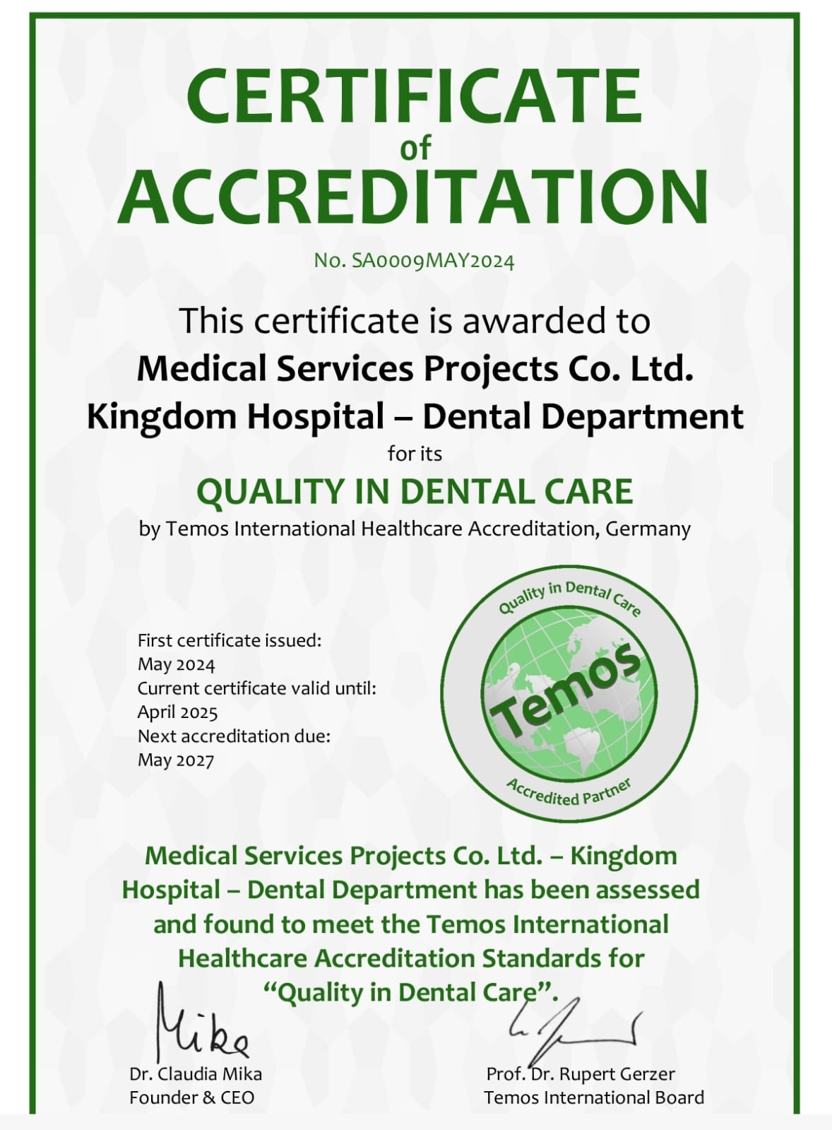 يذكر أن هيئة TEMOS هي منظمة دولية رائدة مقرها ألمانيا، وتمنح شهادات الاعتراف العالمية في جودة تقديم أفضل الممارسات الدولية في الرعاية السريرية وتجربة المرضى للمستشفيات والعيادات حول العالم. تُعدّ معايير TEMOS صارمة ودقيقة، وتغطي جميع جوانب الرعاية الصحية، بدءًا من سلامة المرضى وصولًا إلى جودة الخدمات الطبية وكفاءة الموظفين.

---

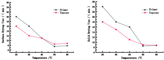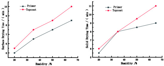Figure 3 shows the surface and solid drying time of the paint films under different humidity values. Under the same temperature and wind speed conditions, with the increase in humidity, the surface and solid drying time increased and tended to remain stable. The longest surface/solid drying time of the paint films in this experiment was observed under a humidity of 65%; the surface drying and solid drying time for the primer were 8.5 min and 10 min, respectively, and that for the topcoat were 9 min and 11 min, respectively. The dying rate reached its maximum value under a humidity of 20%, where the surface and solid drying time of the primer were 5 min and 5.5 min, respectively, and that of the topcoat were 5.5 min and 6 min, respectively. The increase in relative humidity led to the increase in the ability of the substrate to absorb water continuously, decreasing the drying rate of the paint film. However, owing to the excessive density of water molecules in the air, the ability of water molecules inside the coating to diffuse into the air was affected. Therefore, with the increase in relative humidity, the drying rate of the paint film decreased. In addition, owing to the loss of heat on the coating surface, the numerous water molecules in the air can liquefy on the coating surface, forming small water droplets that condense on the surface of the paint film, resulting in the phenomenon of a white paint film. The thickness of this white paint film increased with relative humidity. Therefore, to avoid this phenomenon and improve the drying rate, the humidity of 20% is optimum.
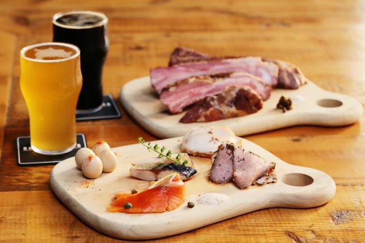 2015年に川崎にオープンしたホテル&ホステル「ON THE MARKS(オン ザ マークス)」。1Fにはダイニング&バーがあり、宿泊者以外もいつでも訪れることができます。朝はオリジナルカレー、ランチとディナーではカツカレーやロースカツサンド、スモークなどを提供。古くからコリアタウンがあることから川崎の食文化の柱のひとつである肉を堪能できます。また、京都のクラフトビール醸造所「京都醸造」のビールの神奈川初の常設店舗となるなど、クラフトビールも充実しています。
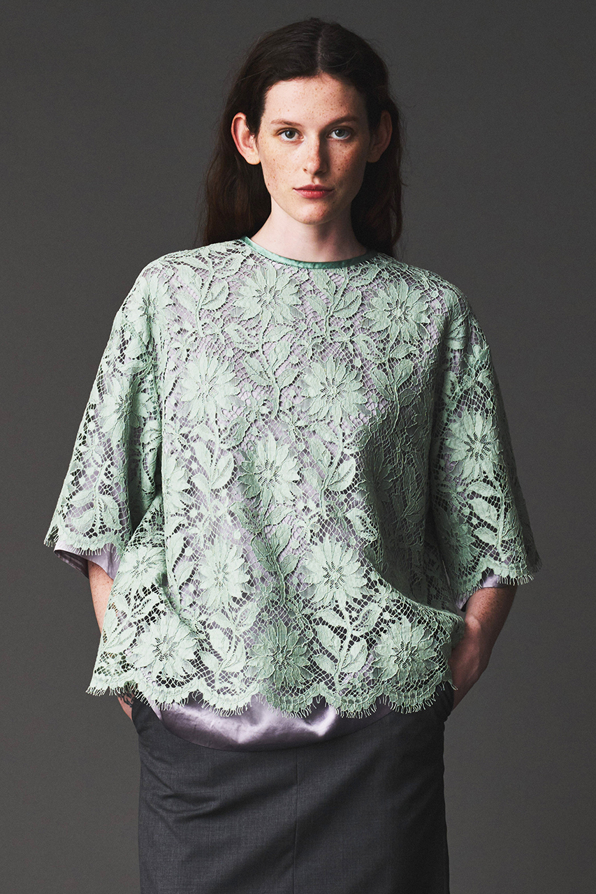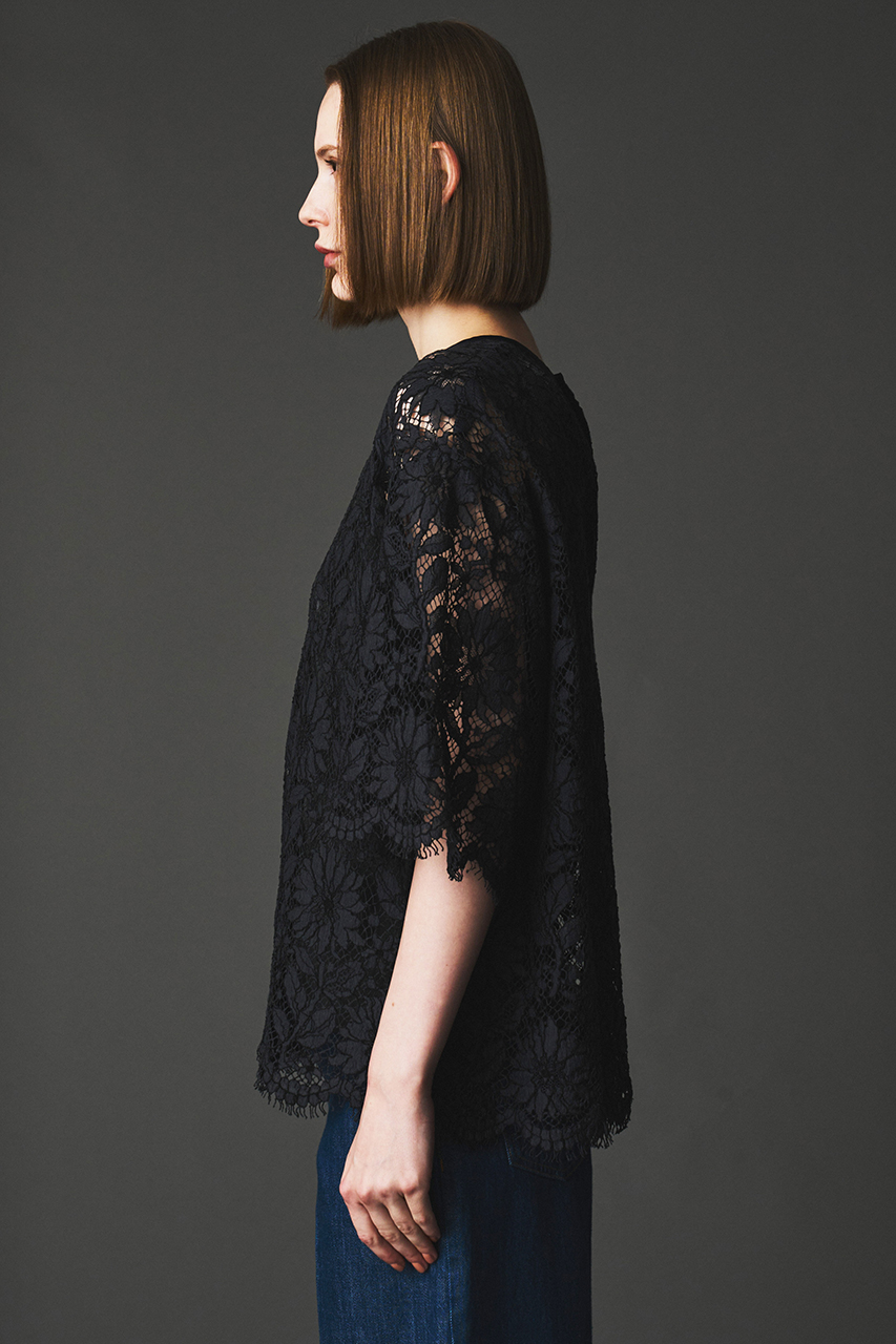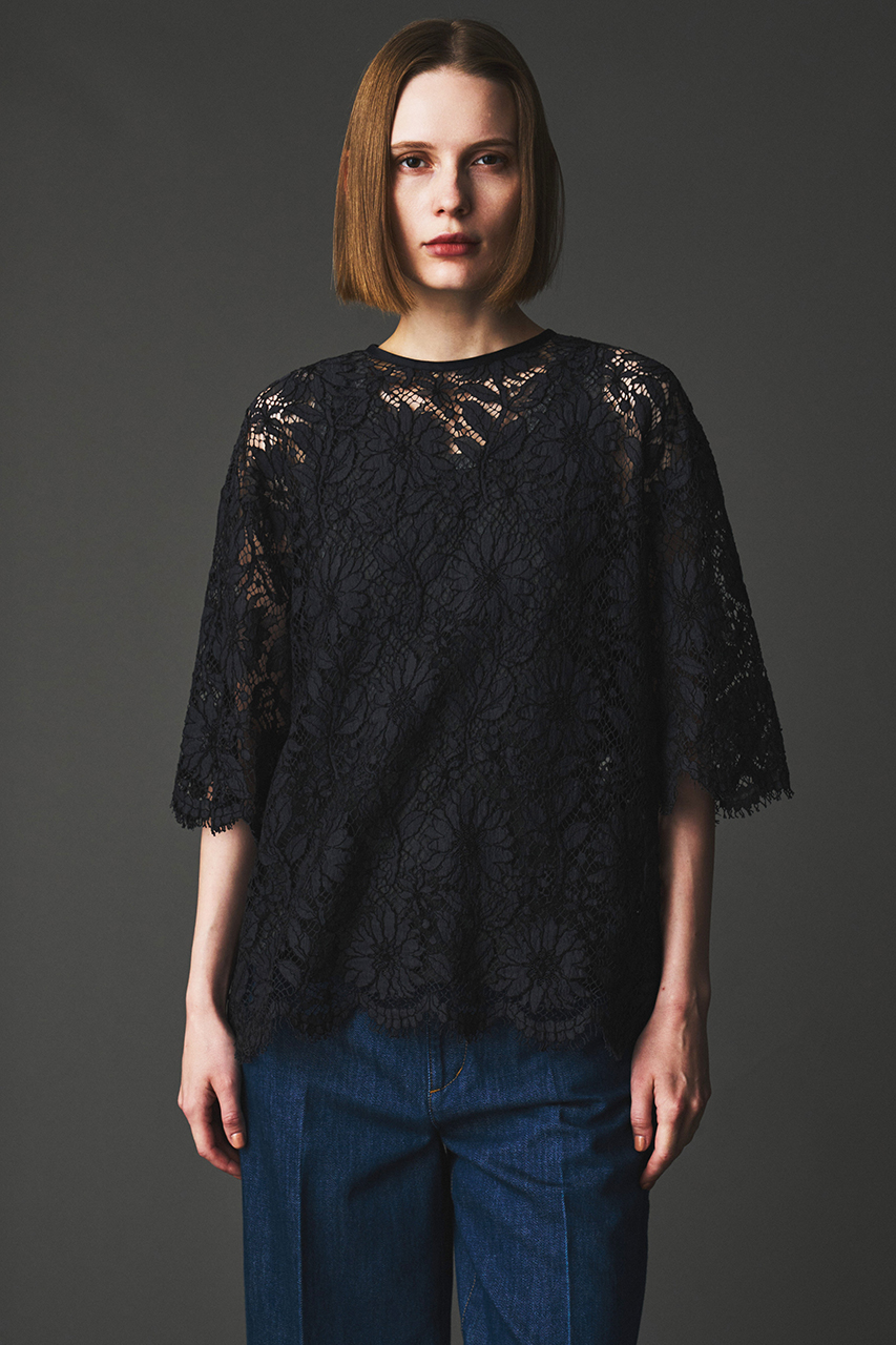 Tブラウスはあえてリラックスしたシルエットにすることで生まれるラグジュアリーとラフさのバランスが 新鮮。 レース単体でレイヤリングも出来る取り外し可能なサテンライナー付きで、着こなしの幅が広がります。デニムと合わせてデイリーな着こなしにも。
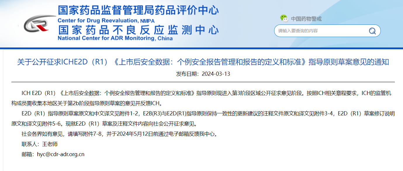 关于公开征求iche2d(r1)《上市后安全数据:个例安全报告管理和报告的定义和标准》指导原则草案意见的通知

* * *

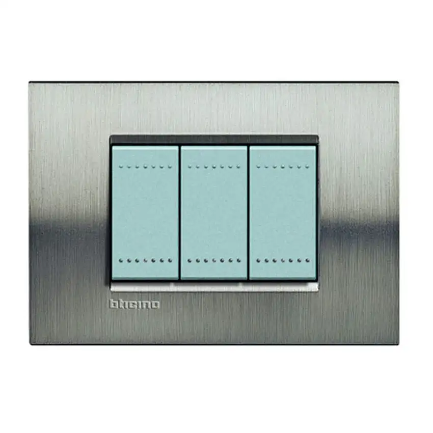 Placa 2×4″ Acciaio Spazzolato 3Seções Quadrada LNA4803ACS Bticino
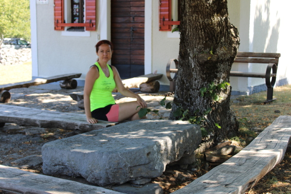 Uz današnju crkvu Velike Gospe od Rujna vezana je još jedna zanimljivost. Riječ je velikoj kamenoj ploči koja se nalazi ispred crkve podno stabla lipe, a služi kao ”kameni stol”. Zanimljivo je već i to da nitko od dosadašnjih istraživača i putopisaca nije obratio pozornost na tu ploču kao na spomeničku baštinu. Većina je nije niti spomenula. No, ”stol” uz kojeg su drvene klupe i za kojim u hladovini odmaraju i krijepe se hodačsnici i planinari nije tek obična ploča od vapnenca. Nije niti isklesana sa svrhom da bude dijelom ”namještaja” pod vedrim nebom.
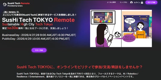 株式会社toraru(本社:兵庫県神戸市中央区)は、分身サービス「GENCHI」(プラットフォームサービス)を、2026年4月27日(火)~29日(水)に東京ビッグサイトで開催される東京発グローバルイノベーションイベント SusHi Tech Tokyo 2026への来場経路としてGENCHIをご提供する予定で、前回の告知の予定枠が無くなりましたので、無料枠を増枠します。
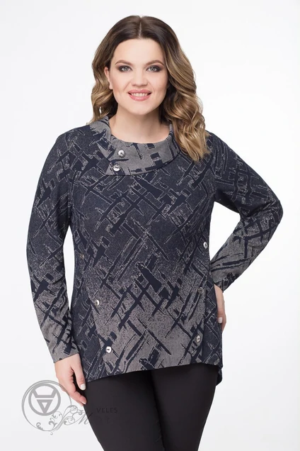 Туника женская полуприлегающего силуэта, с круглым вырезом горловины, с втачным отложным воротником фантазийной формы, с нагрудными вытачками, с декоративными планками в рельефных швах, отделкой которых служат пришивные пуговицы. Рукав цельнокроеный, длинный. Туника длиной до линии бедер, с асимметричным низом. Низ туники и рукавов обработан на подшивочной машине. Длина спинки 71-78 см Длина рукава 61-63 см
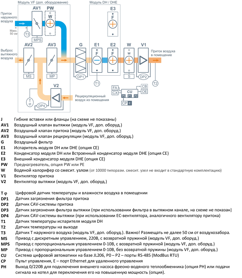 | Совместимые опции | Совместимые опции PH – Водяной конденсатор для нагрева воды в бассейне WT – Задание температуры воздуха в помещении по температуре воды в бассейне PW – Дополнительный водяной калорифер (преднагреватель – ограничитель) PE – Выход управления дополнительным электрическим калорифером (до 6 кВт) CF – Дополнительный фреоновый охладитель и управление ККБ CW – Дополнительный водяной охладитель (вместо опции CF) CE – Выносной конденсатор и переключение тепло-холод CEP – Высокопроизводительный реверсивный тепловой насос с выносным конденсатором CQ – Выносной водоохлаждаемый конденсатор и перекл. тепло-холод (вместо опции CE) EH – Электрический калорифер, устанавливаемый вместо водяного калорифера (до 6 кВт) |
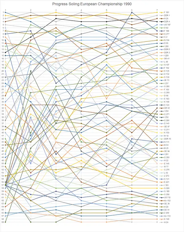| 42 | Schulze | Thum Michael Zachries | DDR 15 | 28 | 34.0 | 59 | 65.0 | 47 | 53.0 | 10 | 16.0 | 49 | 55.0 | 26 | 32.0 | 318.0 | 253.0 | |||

Task directions:
Would you please repeat only the lines above, beginning at the one that has "2015年に川崎にオープンしたホテル&ホステル「ON THE MARKS(オン" and stopping after the one that has "关于公开征求iche2d(r", exactly and with no pictures?

Your solution:
 2015年に川崎にオープンしたホテル&ホステル「ON THE MARKS(オン ザ マークス)」。1Fにはダイニング&バーがあり、宿泊者以外もいつでも訪れることができます。朝はオリジナルカレー、ランチとディナーではカツカレーやロースカツサンド、スモークなどを提供。古くからコリアタウンがあることから川崎の食文化の柱のひとつである肉を堪能できます。また、京都のクラフトビール醸造所「京都醸造」のビールの神奈川初の常設店舗となるなど、クラフトビールも充実しています。
 Tブラウスはあえてリラックスしたシルエットにすることで生まれるラグジュアリーとラフさのバランスが 新鮮。 レース単体でレイヤリングも出来る取り外し可能なサテンライナー付きで、着こなしの幅が広がります。デニムと合わせてデイリーな着こなしにも。
 关于公开征求iche2d(r1)《上市后安全数据:个例安全报告管理和报告的定义和标准》指导原则草案意见的通知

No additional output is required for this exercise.